Water-saturated samples have narrow T2-distributions and maximum T2 values in the order of 200 ms. A typical distribution is shown in Figure la. The relatively short T2 values reflect the fine grains and small pore sizes typical of this formation. However, significant pore size variation between the samples results in a generally poor correlation between permeability and porosity. Permeability estimation is improved when an NMR parameter, such as logarithmic mean T2 or bound-fluid volume, is used together with porosity. Lastly, NMR free-fluid porosities were found to be in good agreement with the volume of water expelled from the core by centrifuging at 100-psi air-brine capillary pressure. The free-fluid porosities were computed from the T2-distributions using a 33-ms cutoff.

T2-distributions for the crude oil and a core sample partially saturated with the crude oil are shown in Figures 1b and lc. T2 values for the crude oil are long, predominantly in the 100 to 5000 ms range, reflecting the low viscosity of the oil.

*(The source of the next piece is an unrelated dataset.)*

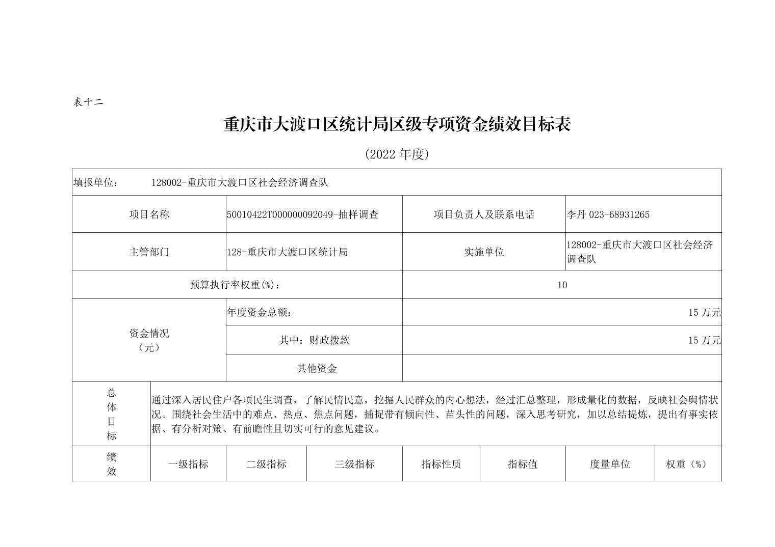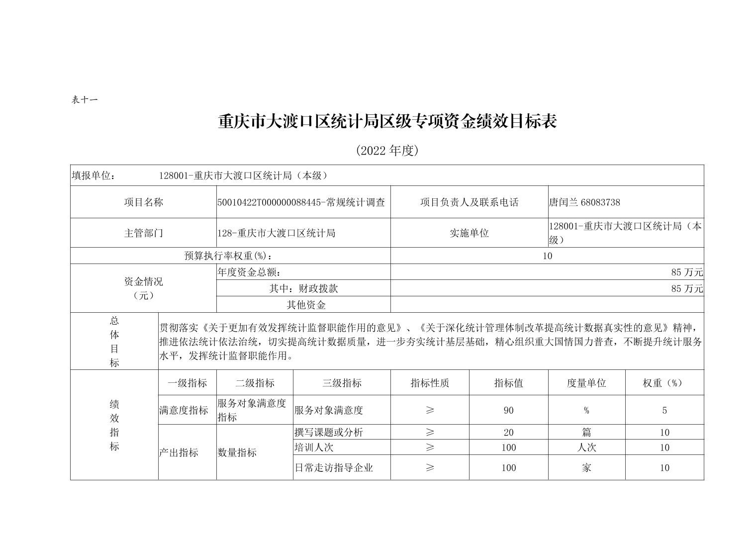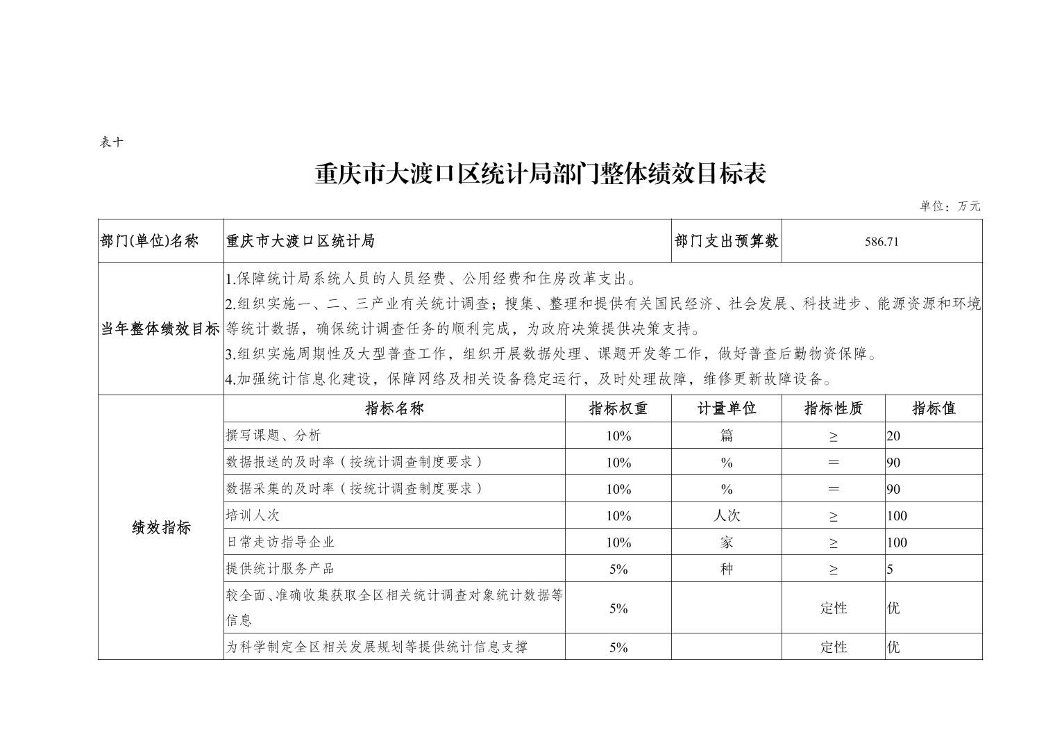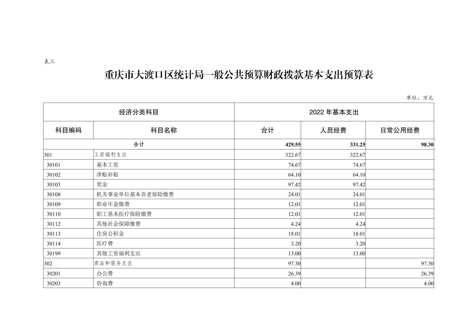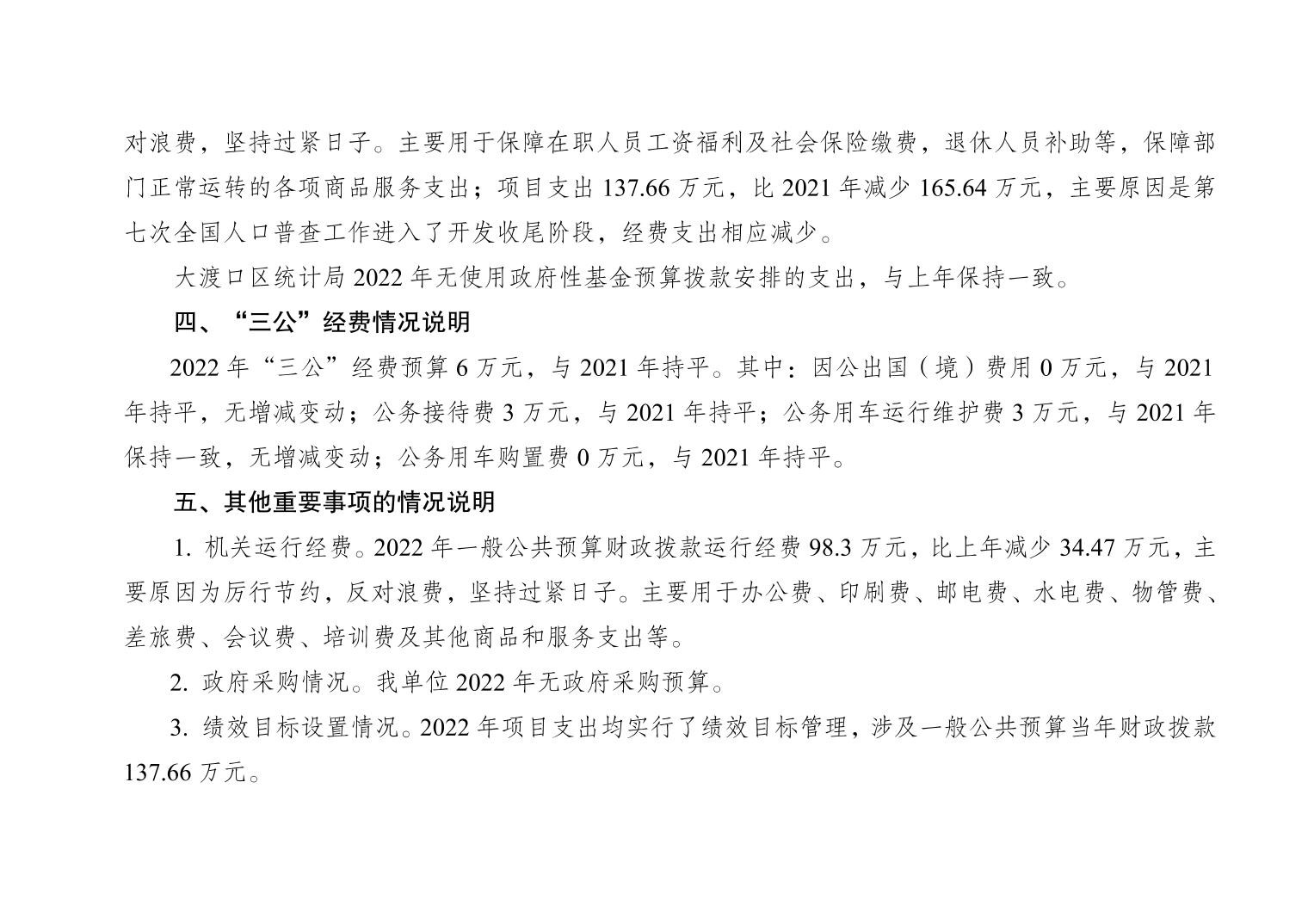 重庆市大渡口区统计局2022年部门预算情况说明

For the partially oil-saturated sample, T2-distributions were found to be considerably broader than for the case when the sample was completely saturated with water. Maximum T2 values increased from 200 ms to about 1000 ms. In addition, the mean T2 and also the free-fluid and bound-fluid porosities are significantly different when the sample is partially oil saturated; hence, permeability estimation using these parameters will be affected by the presence of oil.

NMR logs were recorded in the Delaware formation in four wells (A, B, C and D) located in Southeast New Mexico. The wells were logged with either the NML Nuclear Magnetism Logging tool or CMR Combinable Magnetic Resonance tool.

For Well A, irreducible water volume and permeability estimates from the NML log were in good agreement with core data and subsequent production, except in thin-bed intervals where the vertical resolution (about 4 ft.) of the NML log is inadequate. NML station logs were also successful in differentiating between known oil and water zones.

For Well B, T2-distributions from CMR station logs were used to identify oil-productive intervals. As observed with the lab measurements, water-saturated intervals have T2-distributions that end at approximately 200 ms whereas oil bearing intervals have maximum T2 values on the order of 500ms.

Oil bearing intervals may also be identified from T2-distributions obtained during continuous depth logging with the CMR tool. Figure 2 shows a comparison between CMR data and the total gas measurement from a mud log obtained in Well C.

P. 997